A Codename: Battering Ram tale by Matt Hilton

2008, Iran/Pakistan Border

A breeze plucked dust from the desert; throwing grit into the eyes of the man lying prone in a ditch he’d dug with his bare hands. He’d concealed himself beneath a camouflaged tarpaulin alongside his HALO jump gear and parachute, leaving only room through which to peer out. Dirk Ramm, a Specialized Skills Officer of the CIA Special Operations Group, squinted against the sandblasting, crunching down on a grain that caught between his teeth. He tasted silicone. He pushed the grit from his mouth with the tip of his tongue. It would have been simpler to spit it out, but he daren’t make a sound.

Four men were seated on the ground little more than twenty yards from Ramm, using their jeep to shield them from the scouring wind. They couldn’t see him where he hid, but they might hear the clearing of his throat. The men had propped their weapons – Russian AK-47 assault rifles – against the jeep, in easy reach. They’d pulled their headscarves around their hawkish faces. One of them had lit a hand-rolled cigarette and was drawing on it, almost in defiance of the wind. From where he lay watching them, their observer could smell the camel dung fragrance of the tobacco. Then again, the men didn’t smell much different.

The quartet of men had parked their vehicle off road, hidden from the traffic on Road 95 by the convolutions of the earth, after driving there from Zahedan during the night. In Arabic the city derived its name from the plural for “pious”. None of the four men could claim as much.

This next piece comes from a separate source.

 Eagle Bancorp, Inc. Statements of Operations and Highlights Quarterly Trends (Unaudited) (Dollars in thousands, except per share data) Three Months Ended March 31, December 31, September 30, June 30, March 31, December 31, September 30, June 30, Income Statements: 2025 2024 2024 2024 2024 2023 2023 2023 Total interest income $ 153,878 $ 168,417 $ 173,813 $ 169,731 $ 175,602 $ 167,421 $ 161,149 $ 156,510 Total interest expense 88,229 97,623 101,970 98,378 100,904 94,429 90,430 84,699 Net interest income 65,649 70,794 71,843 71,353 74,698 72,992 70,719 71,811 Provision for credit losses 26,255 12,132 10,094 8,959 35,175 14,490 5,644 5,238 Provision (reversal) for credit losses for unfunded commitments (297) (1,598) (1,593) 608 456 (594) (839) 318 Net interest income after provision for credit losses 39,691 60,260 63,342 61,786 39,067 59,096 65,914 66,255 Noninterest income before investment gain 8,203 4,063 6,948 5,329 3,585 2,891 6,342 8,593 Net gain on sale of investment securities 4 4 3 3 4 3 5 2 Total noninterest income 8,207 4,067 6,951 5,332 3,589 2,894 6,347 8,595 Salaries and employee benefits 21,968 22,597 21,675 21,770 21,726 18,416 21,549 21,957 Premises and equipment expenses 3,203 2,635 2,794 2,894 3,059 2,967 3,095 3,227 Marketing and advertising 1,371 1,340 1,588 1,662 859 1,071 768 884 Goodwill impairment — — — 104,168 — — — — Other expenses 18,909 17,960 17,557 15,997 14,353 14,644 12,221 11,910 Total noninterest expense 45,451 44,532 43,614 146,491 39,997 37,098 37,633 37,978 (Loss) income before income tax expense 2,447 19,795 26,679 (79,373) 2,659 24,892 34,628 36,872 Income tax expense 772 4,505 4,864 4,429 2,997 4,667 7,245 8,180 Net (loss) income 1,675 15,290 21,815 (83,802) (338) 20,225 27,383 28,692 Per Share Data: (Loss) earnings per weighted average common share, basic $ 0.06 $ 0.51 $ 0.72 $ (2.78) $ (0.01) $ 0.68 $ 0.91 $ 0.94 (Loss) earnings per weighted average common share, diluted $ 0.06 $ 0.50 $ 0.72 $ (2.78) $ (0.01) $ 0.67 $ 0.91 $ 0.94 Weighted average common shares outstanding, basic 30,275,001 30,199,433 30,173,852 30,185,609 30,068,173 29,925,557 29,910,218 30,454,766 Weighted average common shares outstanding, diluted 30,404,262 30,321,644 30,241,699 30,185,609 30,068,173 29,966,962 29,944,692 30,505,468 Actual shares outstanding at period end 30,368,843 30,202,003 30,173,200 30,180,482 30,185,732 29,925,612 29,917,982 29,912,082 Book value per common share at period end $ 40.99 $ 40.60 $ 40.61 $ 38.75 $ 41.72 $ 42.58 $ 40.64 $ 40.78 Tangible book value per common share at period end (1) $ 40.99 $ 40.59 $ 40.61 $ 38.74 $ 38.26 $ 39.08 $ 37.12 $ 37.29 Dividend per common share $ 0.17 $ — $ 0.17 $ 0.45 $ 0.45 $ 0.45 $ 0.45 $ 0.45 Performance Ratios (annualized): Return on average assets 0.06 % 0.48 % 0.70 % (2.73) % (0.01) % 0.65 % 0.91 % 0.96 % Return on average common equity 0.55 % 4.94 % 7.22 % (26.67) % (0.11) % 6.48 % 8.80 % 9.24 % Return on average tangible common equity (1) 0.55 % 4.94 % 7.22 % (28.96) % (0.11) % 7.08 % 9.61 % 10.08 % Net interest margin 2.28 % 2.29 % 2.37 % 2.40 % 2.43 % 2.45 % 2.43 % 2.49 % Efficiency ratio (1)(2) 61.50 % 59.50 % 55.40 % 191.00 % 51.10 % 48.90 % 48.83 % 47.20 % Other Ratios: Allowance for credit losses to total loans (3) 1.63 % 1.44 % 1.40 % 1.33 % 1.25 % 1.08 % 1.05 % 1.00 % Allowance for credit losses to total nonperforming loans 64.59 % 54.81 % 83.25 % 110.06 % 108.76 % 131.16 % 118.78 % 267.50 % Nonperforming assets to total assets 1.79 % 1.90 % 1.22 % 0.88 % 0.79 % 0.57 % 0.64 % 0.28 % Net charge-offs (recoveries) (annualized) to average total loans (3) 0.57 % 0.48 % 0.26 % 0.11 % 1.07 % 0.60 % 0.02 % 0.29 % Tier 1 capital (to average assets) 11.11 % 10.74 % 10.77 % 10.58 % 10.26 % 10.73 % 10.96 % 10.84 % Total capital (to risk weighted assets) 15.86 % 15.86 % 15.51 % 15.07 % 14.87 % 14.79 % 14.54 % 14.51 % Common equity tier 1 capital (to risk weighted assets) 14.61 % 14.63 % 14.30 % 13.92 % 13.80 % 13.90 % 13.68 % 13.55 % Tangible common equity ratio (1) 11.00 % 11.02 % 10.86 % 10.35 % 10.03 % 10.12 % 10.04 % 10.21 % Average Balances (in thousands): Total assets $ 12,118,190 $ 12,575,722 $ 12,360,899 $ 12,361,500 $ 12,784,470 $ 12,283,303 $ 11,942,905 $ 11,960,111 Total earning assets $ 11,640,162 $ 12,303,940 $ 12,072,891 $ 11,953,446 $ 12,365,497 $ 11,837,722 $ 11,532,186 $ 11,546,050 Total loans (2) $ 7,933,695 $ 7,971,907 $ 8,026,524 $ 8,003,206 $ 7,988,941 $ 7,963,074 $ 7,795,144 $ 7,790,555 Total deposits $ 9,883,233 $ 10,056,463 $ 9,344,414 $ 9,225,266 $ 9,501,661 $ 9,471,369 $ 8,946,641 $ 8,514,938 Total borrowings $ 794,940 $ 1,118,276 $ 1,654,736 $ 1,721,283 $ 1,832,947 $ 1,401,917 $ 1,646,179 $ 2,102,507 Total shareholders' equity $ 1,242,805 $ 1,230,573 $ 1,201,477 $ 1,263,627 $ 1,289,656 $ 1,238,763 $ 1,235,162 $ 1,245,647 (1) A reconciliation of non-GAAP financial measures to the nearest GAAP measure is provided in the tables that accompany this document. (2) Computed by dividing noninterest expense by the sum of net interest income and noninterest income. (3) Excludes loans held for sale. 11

They were Taliban fighters, an Iran based splinter cell of terrorists and murderers. They were in a shallow depression, almost like a natural cauldron between the foothills, barely two miles from where the converging borders of Afghanistan and Pakistan made a spearhead wedge into eastern Iran.

It would have been so simple to kill them. They were unaware of Ramm’s presence, and he could erupt from his hiding place and be among them within seconds, definitely before any of them could bring their guns to bear. But killing them wasn’t why he was there. Sure, they’d die if he had his way. But not before they made the rendezvous and brought his real targets within range. For now he had to wait, let them enjoy their rough jokes, their stinking cigarettes, and he’d put them in a hole afterwards.

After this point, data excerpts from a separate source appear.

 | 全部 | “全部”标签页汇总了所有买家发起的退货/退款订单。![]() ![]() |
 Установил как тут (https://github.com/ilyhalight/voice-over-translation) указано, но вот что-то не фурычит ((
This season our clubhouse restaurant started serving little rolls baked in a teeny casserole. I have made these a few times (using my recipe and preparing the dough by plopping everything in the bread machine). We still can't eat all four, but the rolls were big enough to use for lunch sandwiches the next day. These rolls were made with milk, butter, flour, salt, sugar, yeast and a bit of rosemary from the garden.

Traffic was light on the highway. Occasionally a car would skim by, heading to Zahedan twenty or so miles to the south, or to Zabol or Birjand north of there. Trucks were few, but the roar of diesel engines did resonate the air on a few occasions. Ramm zoned out those sounds, listening for a different type of transportation. He had to wait another ten minutes before the rhythmic chop of rotors brought two of the squatting men to their feet. They passed rifles to their two friends, before picking up their own AK-47s. They didn’t appear alarmed: carrying the guns was all for show.

The breeze that had earlier scuffed the dirt from the nearby hills had dropped. But a fresh barrage of wind-tossed grit assaulted Ramm’s eyes and mouth, as a helicopter swooped in overhead, its downwash setting zephyrs to dance. He stayed low, fully pulling the tarpaulin over him, but more to ensure he wasn’t spotted by any of those on the helicopter than to protect his face. His camouflage sheet, sprinkled over with earth, would conceal him from ordinary view, but if the chopper came equipped with a FLIR camera they’d make out his heat signature if he allowed any of it to leak out. He had to consider that those in the helicopter could be alert to surveillance, the reason he’d brought a sheet lined with tinfoil.

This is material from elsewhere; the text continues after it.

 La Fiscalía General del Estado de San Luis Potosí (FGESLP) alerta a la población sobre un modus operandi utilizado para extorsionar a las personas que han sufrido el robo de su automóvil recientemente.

Ramm listened to the pitch of the engine change, and knew that the chopper was hovering a short distance beyond where the Taliban fighters had parked their jeep. They’d made themselves busy earlier, rolling away some of the larger stones that dotted the landscape to form a clear landing zone. The downwash from the rotors kicked up a furious cloud of debris that pattered over Ramm’s shroud before the helicopter touched down. Only when he was positive it was on the ground did he push back the folds covering his face.

Greetings were called in Arabic. Ramm didn’t understand what was said, but then he didn’t need to. Their tone told him that the newcomers were friends of the terrorists. He edged forward a few inches so that he had a clearer view of where the Taliban met with the new arrivals. Two men had alighted from the helicopter, and though they wore clothing not dissimilar to the local men, theirs were cleaner and of better quality. The scarves they wore around their faces could not conceal their occidental colouring or paler eyes. These men weren’t Iranians, but Russians.

Still Ramm didn’t show himself.

He waited.

After certain protocols were satisfied on both sides, one of the newcomers went back to the helicopter. A third white man stood in the open doorway, and he swung down a large brown case to his colleague. The man returned with it to the small grouping of men, who beckoned him to the jeep. He placed the case on the hood. One of the Iranian’s – obviously the leader of their small cell – moved to unclasp the case, but the Russian held up a hand and placed it against the Iranian’s chest. His warning was too low to be heard, but the Iranian nodded and took a short step back. The Russian then laid his hands delicately on the locks, and it was apparent that there was a safety routine to be obeyed in opening the booby-trapped case.

A pale green wash of light lit the faces of the men clustered around the case. The lead Iranian offered the flash of tobacco-stained teeth and sealed a deal. One of the Taliban fighters who’d stayed by the jeep leaned inside and pulled out a smaller attaché-type case. Ramm doubted that the case would contain money: any monetary deals carried out here would require more hard cash than the small attaché could contain. The Russian locked the case, and left it sitting on the hood. He held out a palm and the attaché was passed to him.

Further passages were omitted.